# Internet providers Tavira



## Rob_Brice

Hi, I am looking for recommendations for broadband (or similar) internet service providers in Tavira. We have just purchased an apartment in postcode area 8800-741 and the block looks wired for cable, so assume cable internet won't be a problem.

All recommendations gratefully received.


----------



## MrBife

Covered here already nearly a million times ... 

Expat Forum For People Moving Overseas And Living Abroad - Search Results


----------



## Rob_Brice

Yes I had read those, but since all comments made in the past two years related to mobile internet only (things tend to move quite rapidly in the world of technology), and failed to mention Tavira (I understand access to cable internet in PT is something of a postcode lottery) I figured it would be sensible to seek out some up to date, location specific advice


----------



## MrBife

Not even the local MEO (PT) shop will say exactly what areas are covered by the fibre roll out and none have specific info on what has been done so far. They simply say 'later this year' as they have no idea at all. The work in this area is being done by Viatel who are an independent contractor and although they work at the behest of MEO there doesn't seem to be much feedback or updated info available anywhere.

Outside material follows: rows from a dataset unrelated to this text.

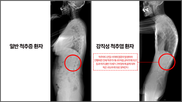 [고양신문] 최근 허리통증을 호소하는 사람들이 늘어나면서 일반 디스크로 오인하는 경우가 많아 주의가 요구되고 있다. 조기 치료시기를 놓치면 자칫 안구에 영향을 미쳐 시력장애까지 일으키는 ‘강직성 척추염’은 원인 불명의 만성 염증성 관절염이 전신으로 번지는 척추관절병증의 대표적 질환이다. 발병하면 만성적 염증성 만성통증, 장애, 변형, 골절이 일어나기 쉽고 관절외 증상으로 전방 포도막염이 동반되는 희귀난치성 질환이다.
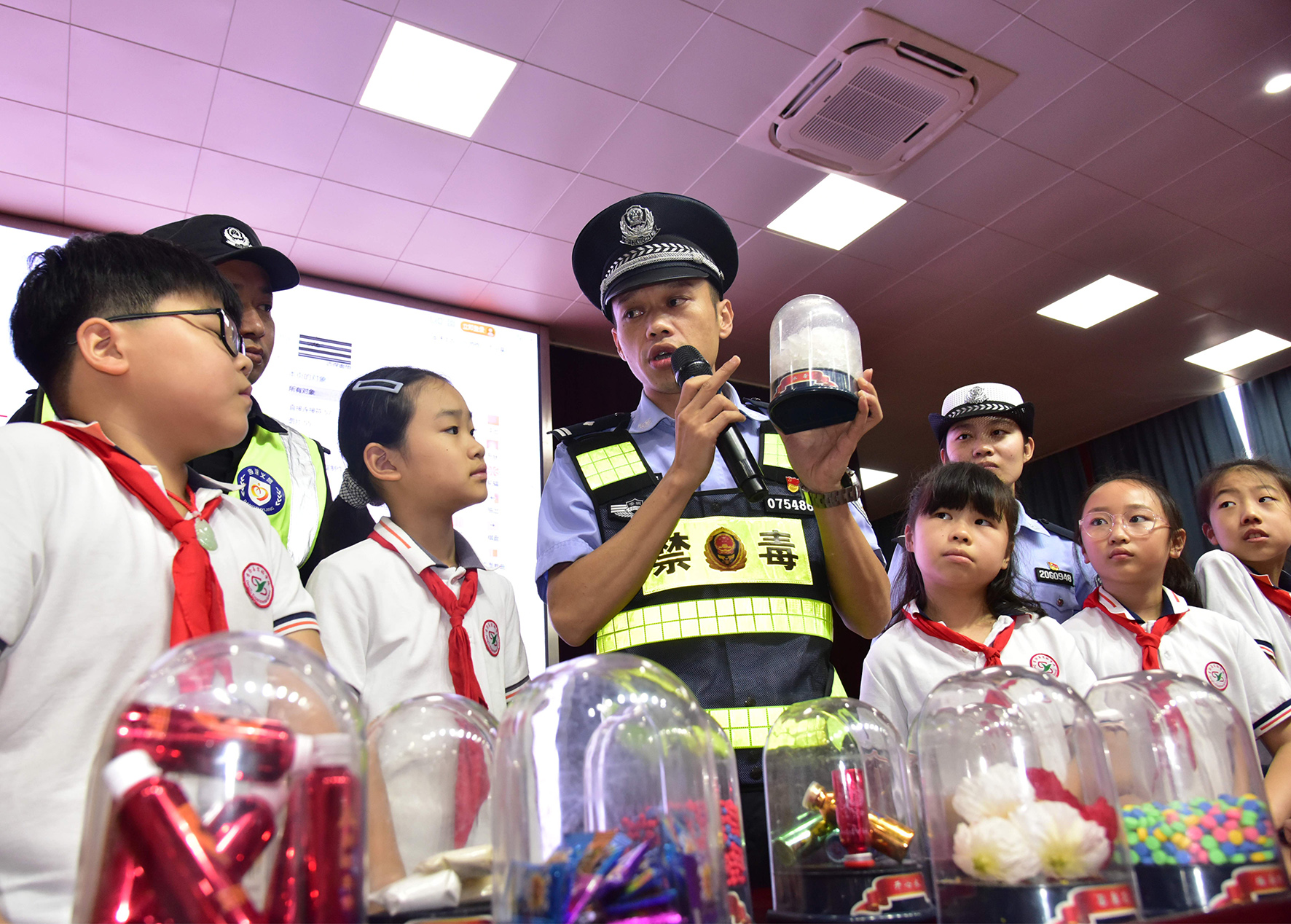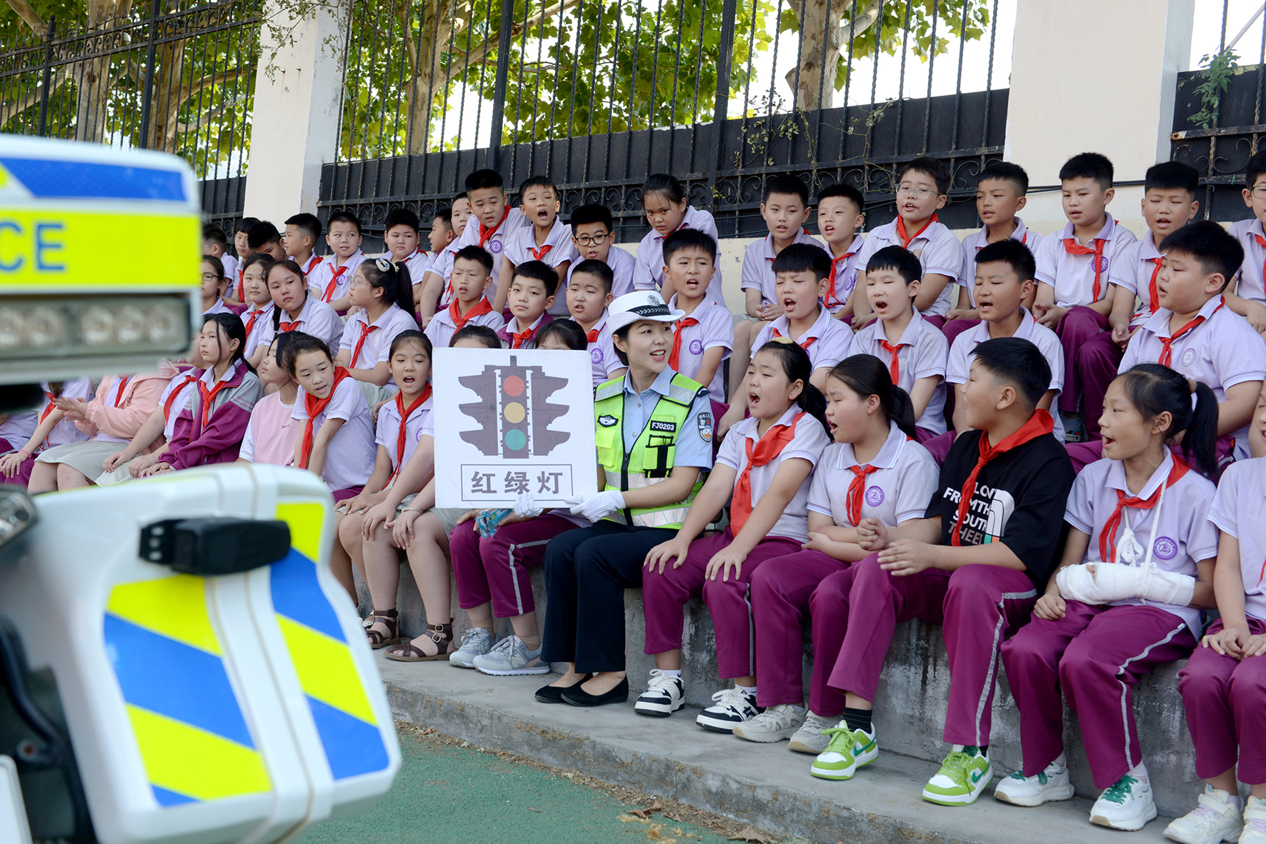 9月1日,安徽省當涂縣公安局禁毒部門聯合交管大隊民警走進實驗小學,為同學們講解道路交通安全、禁毒等知識。
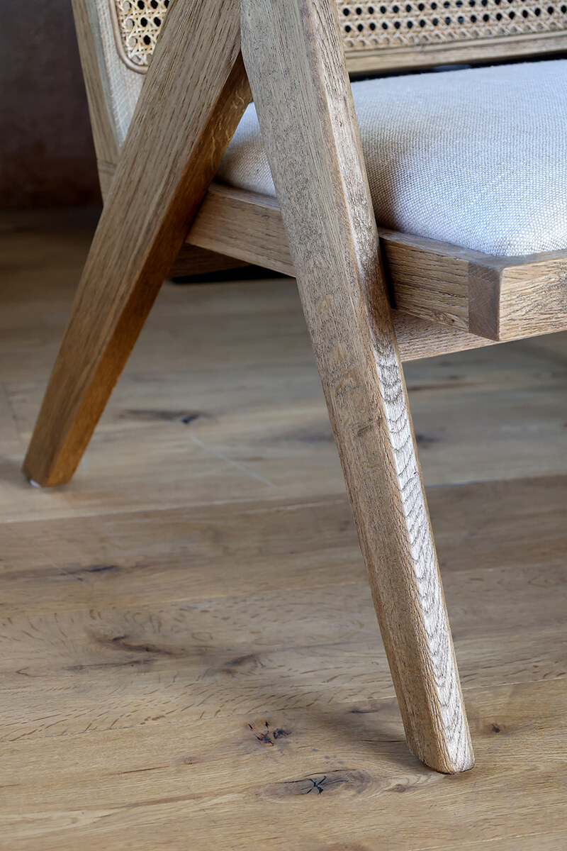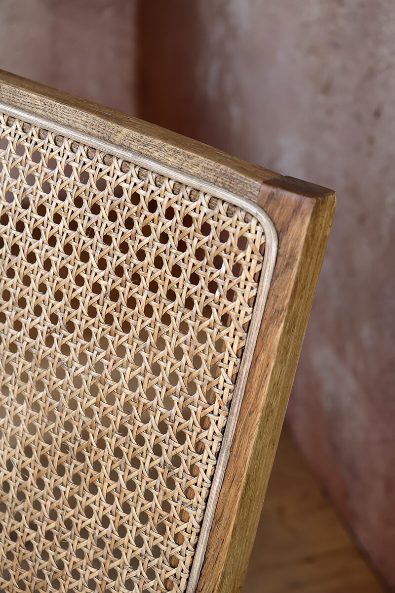 ✔ Természetes anyaghasználat – tölgyfa váz, légies szövött rattan háttámla és puha vászon ülőfelület.
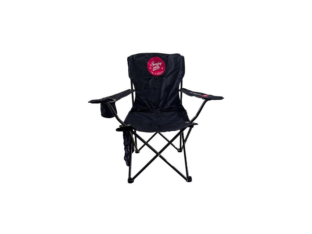 Pohodlné kempingové křeslo s nosností do 150 kg s integrovaným držákem na nápoj a boční kapsou.
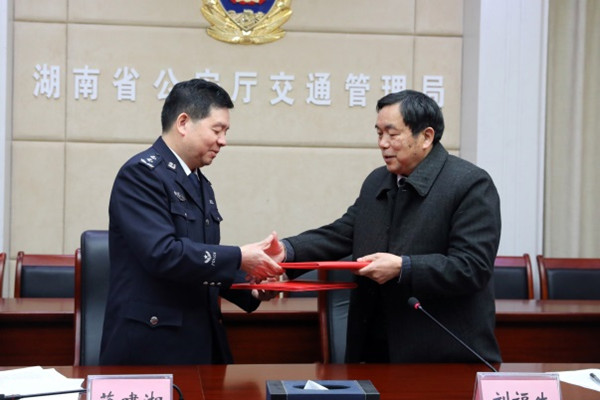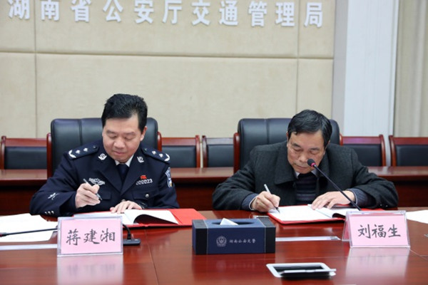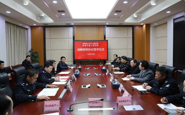 本网讯(记者蔡祥辉、李德才)2018年1月26日下午,正逢长沙迎来首场大雪,在湖南省公安厅交警总队八楼会议室里却春意盎然,新葡萄8883官网AMG官网高科技研究院与湖南省公安厅交警总队合作签字仪式正在这里举行,双方就全面深入合作开展智能交通科技研发工作签订《战略合作框架协议》,决定成立湖南智能交通科技研发中心。
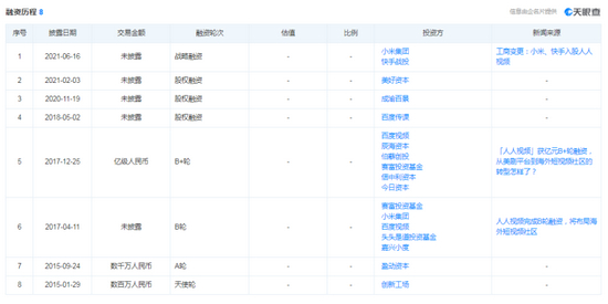 得益于平台的庞大用户群,人人视频颇受资本青睐。天眼查显示,截止目前,人人视频共获得八轮融资,投资方包括创新工场、今日资本、百度、快手、小米等知名创投机构及互联网巨头。公司最新一轮融资发生在今年6月,由小米集团、快手战投投资,投资金额尚未披露。
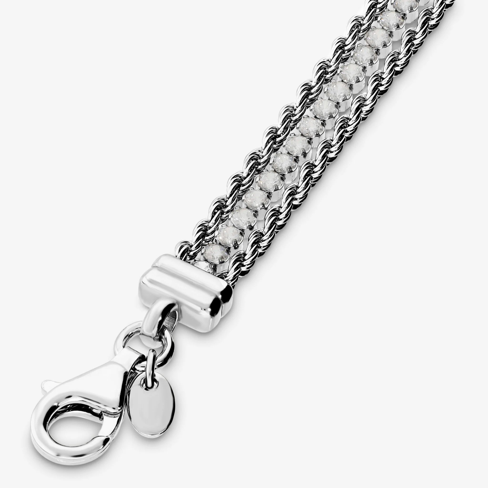 Bracciale multi-filo in Argento 925, placcato Platino, con due fili di maglia a corda e un filo di cubic zirconia, qualità 'Luminosa'. Chiusura a moschettone. Disponibile in tre misure: Small (16cm - 1.65ct) / Medium (17.8cm - 1.85ct) / Large (19.7cm - 2ct).
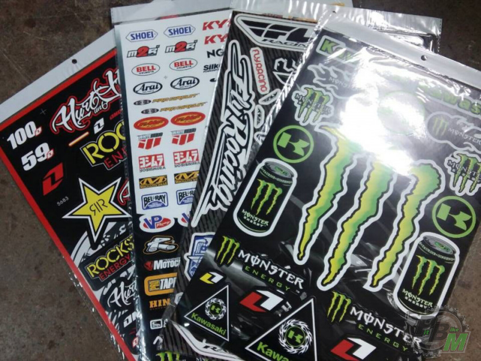 Листы с наклейками, которые можно приклеить куда угодно: на мотоцикл, на машину, на дверь, на лоб.
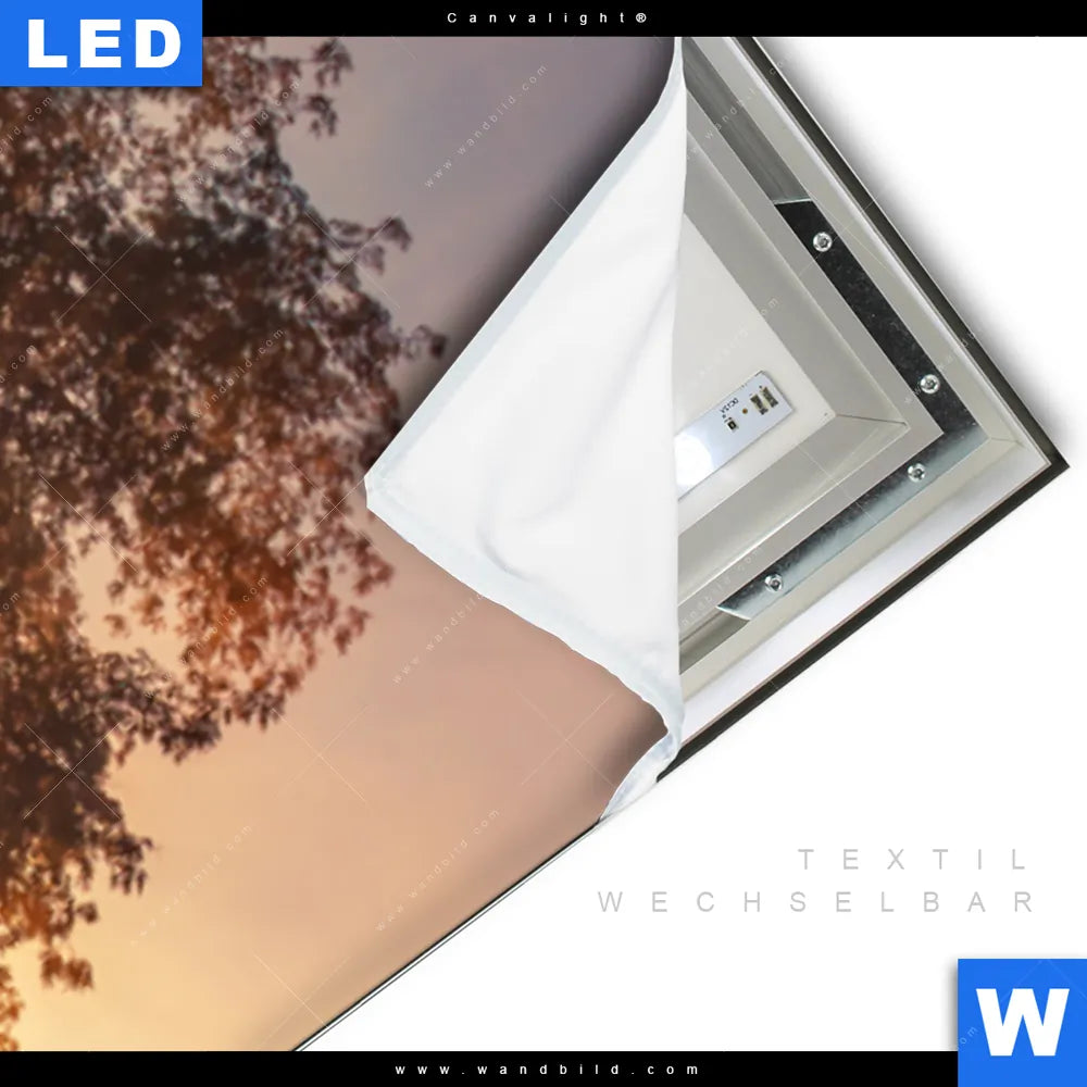LED-Textilrahmen-Bild mit austauschbarem Landschaften Textil-Druck (Wechselbild)
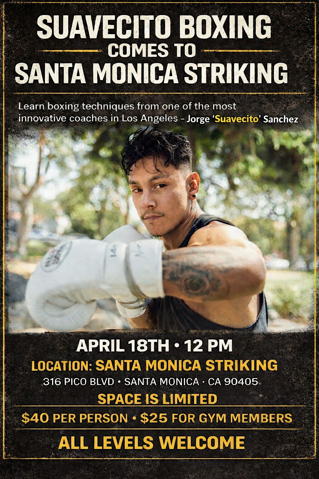 Get ready to up your boxing game with the Suavecito Boxing Seminar happening live at Santa Monica Striking! Join us in person for unique training drills, techniques, and a fun atmosphere where you can learn directly from Venice's very own, Jorge Sanchez.
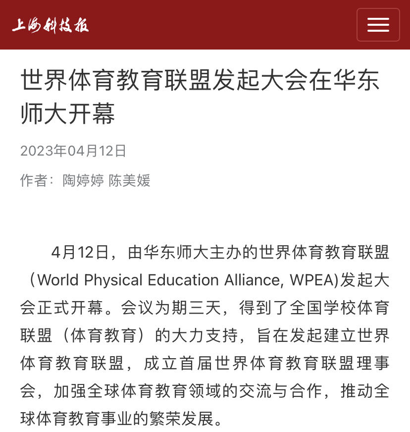 4月12日,由华东师大主办的世界体育教育联盟(World Physical Education Alliance, WPEA)发起大会正式开幕。会议为期三天,得到了全国学校体育联盟(体育教育)的大力支持,旨在发起建立世界体育教育联盟,成立首届世界体育教育联盟理事会,加强全球体育教育领域的交流与合作,推动全球体育教育事业的繁荣发展。

New homes have been fitted with cable ducting for the last five years (ITED) but it hasn't made any of the options more readily available.

It would be impossible for anyone on this or any other forum to know better than the local MEO shop.

There is a postcode query form on the MEO website but I never made it work and once you put in a contact number you get put on their call list. If you make an application for a connection then they will make an installation dependent on what is there in the street they can connect you to and of course update you if the provision method changes so you will either be offered a MEO cable package or a MEO fibre package at differing rates again as per their website.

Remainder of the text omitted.